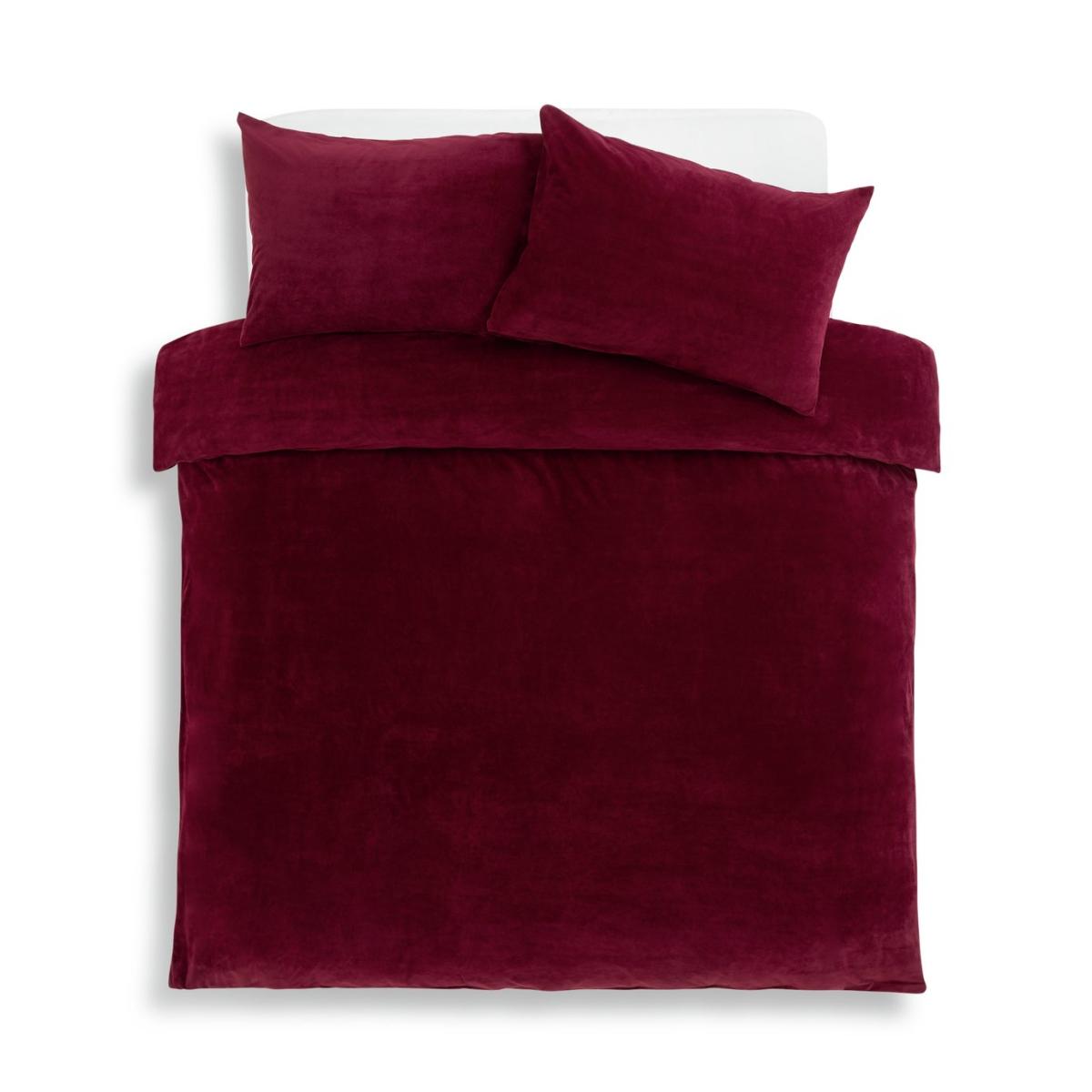 Introduce this luxurious bedding set to your bedroom. Designed in smooth fleece it's warm and chic. This rich berry-toned duvet set is a comfortable choice. This item carries the STANDARD 100 by OEKO-TEX logo, which means you can be certain that every component has been tested for harmful substances and is therefore harmless to human health. Finish: fleece. 100% polyester. 100% polyester. Set includes 1 duvet cover and 2 pillowcases. Bed size: super king. Length 220cm, Width 260cm. Buttons for fastening. Standard pillowcase (s). Pillow case length 70cm, Width 50cm. Machine washable. Suitable for tumble drying.
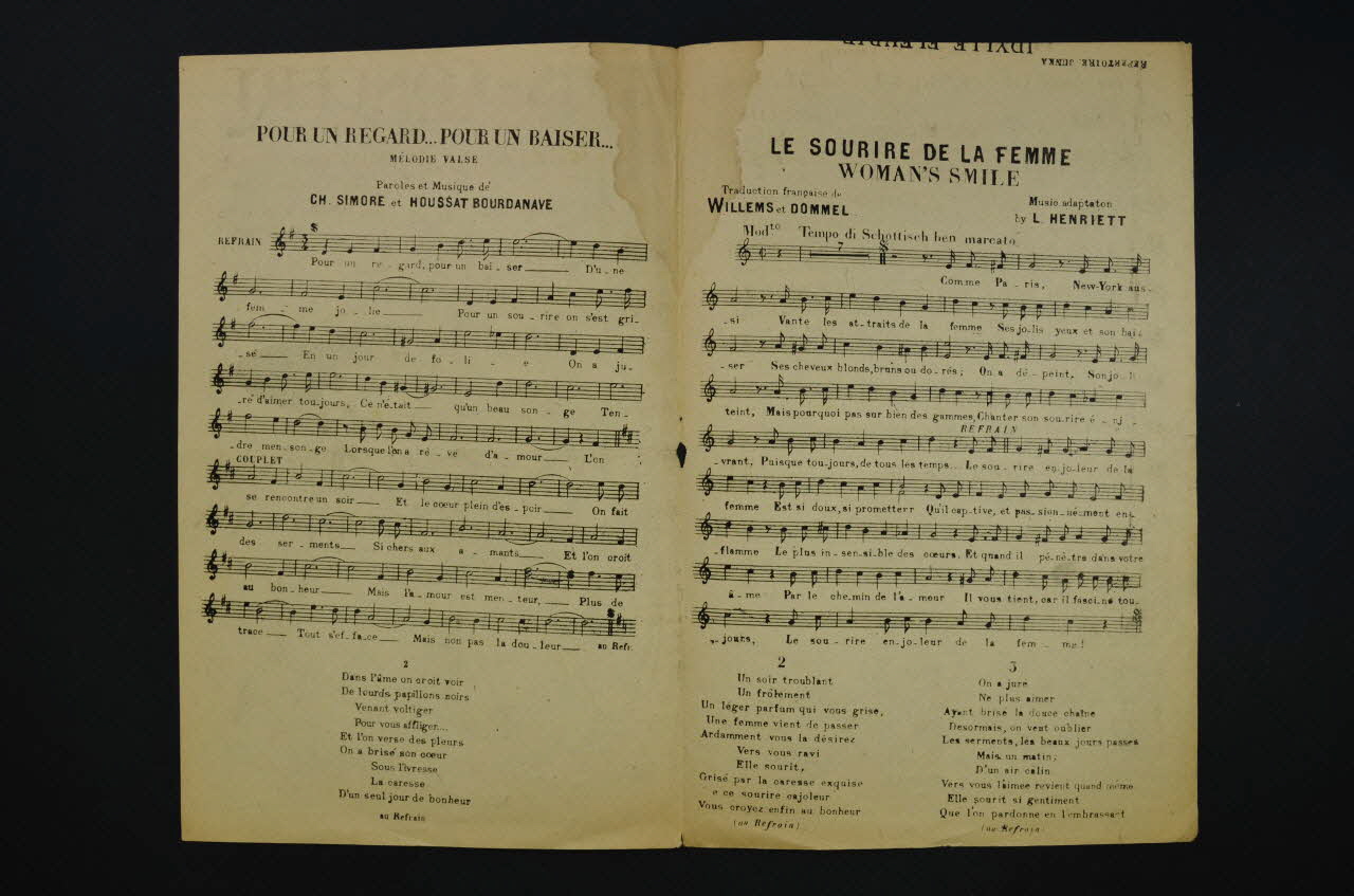 partition de musique, chanson, petit format, Le sourire de la femme, Paris-Concert, Quand descendra la nuit, Pour un regard...pour un baiser...
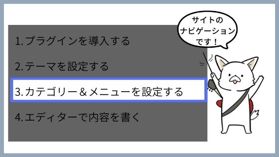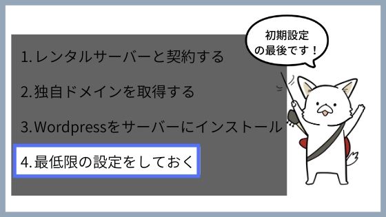 次に実際にページを作り出す前に必要な最低限の設定をサイトに施していきましょう。
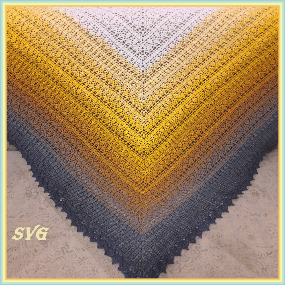 Очень понравилась повторная шаль! Узор, прекрасно подобранные цвета ниток с плавным переходом от светлого цвета к тёмному!
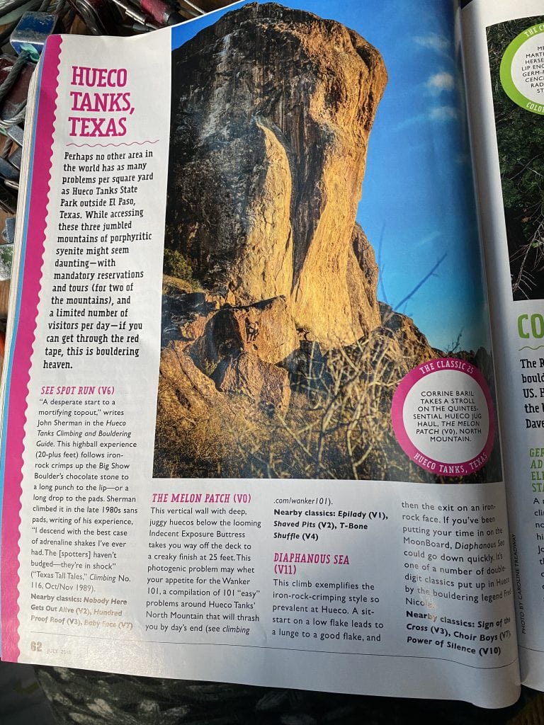 But it’s deeper than that. Hueco is a contender for the birthplace of modern bouldering. This kicked off in 1980, building to a climax in the early 2000’s, before the more recent restrictions slowed things down.
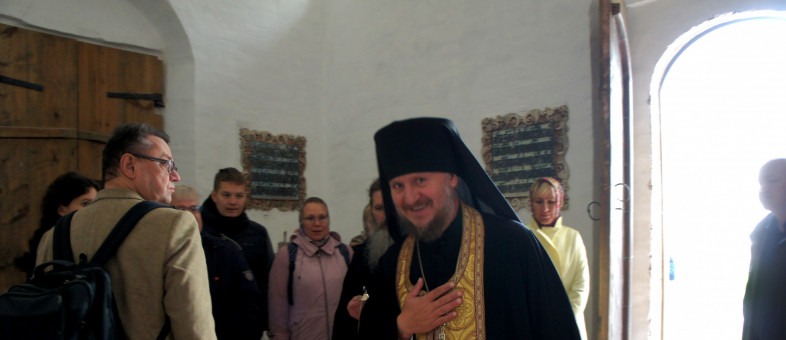 Именно в этой церкви по традиции перед проведением конференции прошла лития на могиле князя Михаила Воротынского. Службу о поминовении души великого полководца, героя взятия Казани и битвы при Молодях, в Кириллове провел наместник Кирилло-Белозерского монастыря игумен Анастасий (Додарчук).
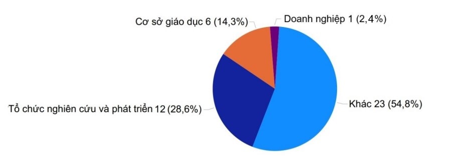 Theo loại hình tổ chức, nổi bật là nhóm tổ chức khác (Bộ, Sở, Ban, Ngành và đơn vị trực thuộc) chiếm 54,8% và nhóm tổ chức nghiên cứu và phát triển (Viện nghiên cứu, Trung tâm nghiên cứu) chiếm 28,6%, với tổng cộng 35 nhiệm vụ (83,4%). Các cơ sở giáo dục (Học viện, trường Đại học) và doanh nghiệp chỉ tham gia ở mức hạn chế, lần lượt chiếm 14,3% và 2,4%, cho thấy sự tham gia của các cơ sở giáo dục và doanh nghiệp vào nghiên cứu TMĐT còn khá khiêm tốn.
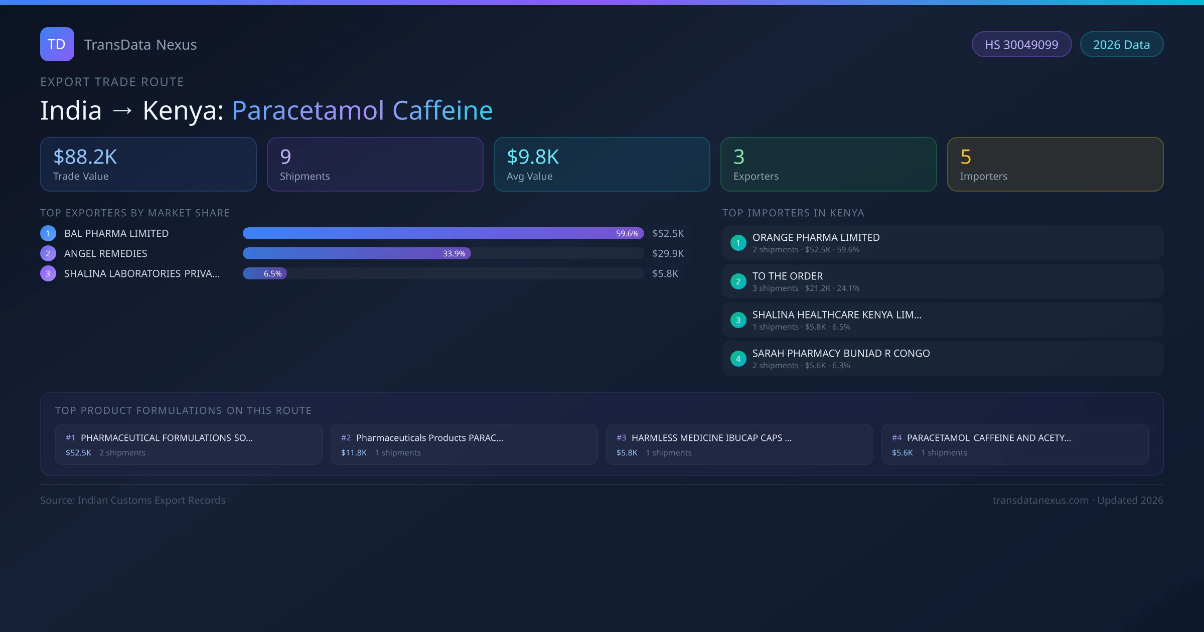- 1.Route Identification: India to Kenya export trade corridor identified from Indian Customs (DGFT) records for Paracetamol Caffeine.
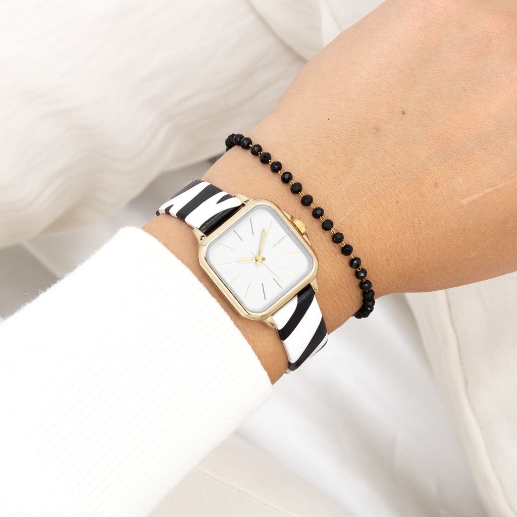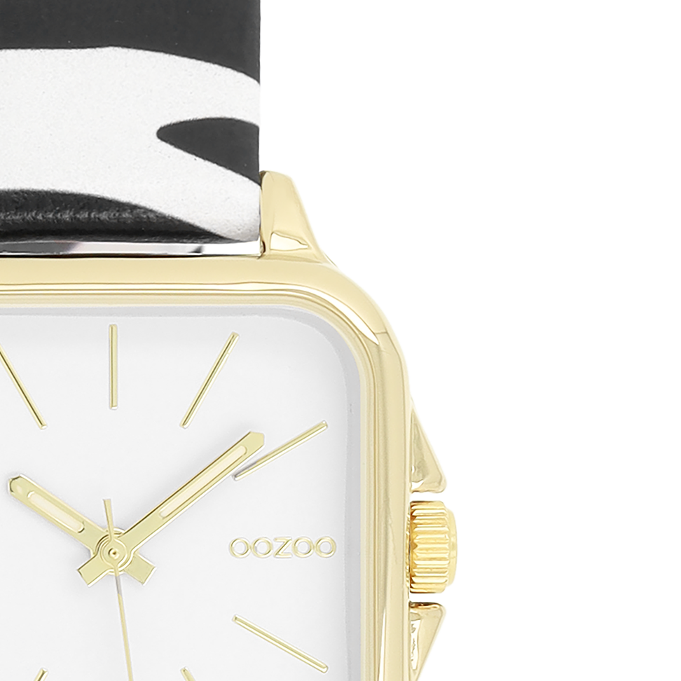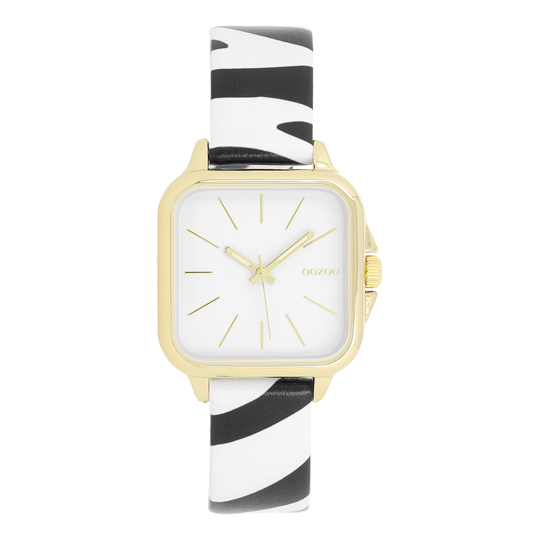Stand out with this beautiful square ladies design from the trendy OOZOO Timepieces collection. The C11610 has a zebra print black/white leather strap and 34 mm gold coloured metal watch case. You are making quite the fashion statement with this white dial, gold coloured stripes digits and matching hands. This essential watch for your wardrobe has a mineral glass, stainless steel backplate and is nickel safe. This watch has a 2ATM Japanese movement and is covered by a 2 year warranty (see section 3 of our Refund, shipping & warranty policy).
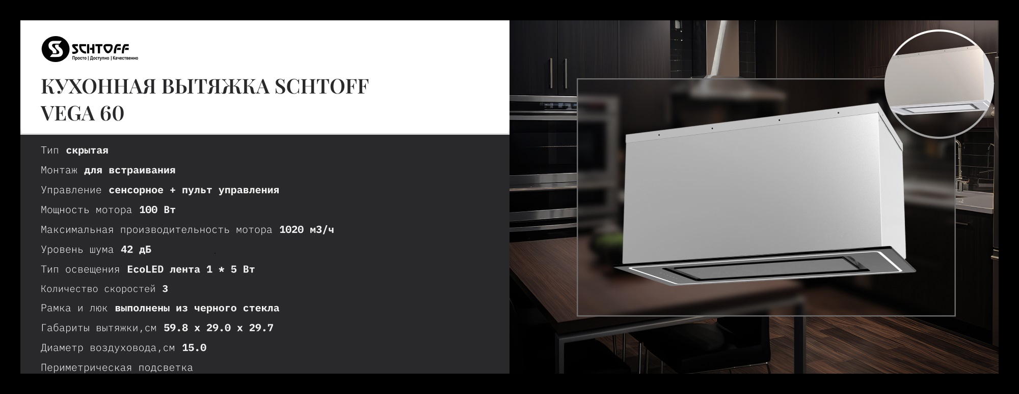Главное преимущество полновстраиваемой вытяжки — это возможность скрыть ее за фасадом кухонных шкафов. Таким образом, она не нарушает гармонию кухонного пространства и не привлекает излишнего внимания. Полновстраиваемая вытяжка — это превосходное решение для тех, кто стремится создать идеальную кухню с точки зрения функциональности и дизайна.

*Problem description*: Set down exactly the lines above, from the line containing "Очень понравилась повторная" through the line containing "But it’s deeper". Skip the pictures.

*Solution*:
 Очень понравилась повторная шаль! Узор, прекрасно подобранные цвета ниток с плавным переходом от светлого цвета к тёмному!
 But it’s deeper than that. Hueco is a contender for the birthplace of modern bouldering. This kicked off in 1980, building to a climax in the early 2000’s, before the more recent restrictions slowed things down.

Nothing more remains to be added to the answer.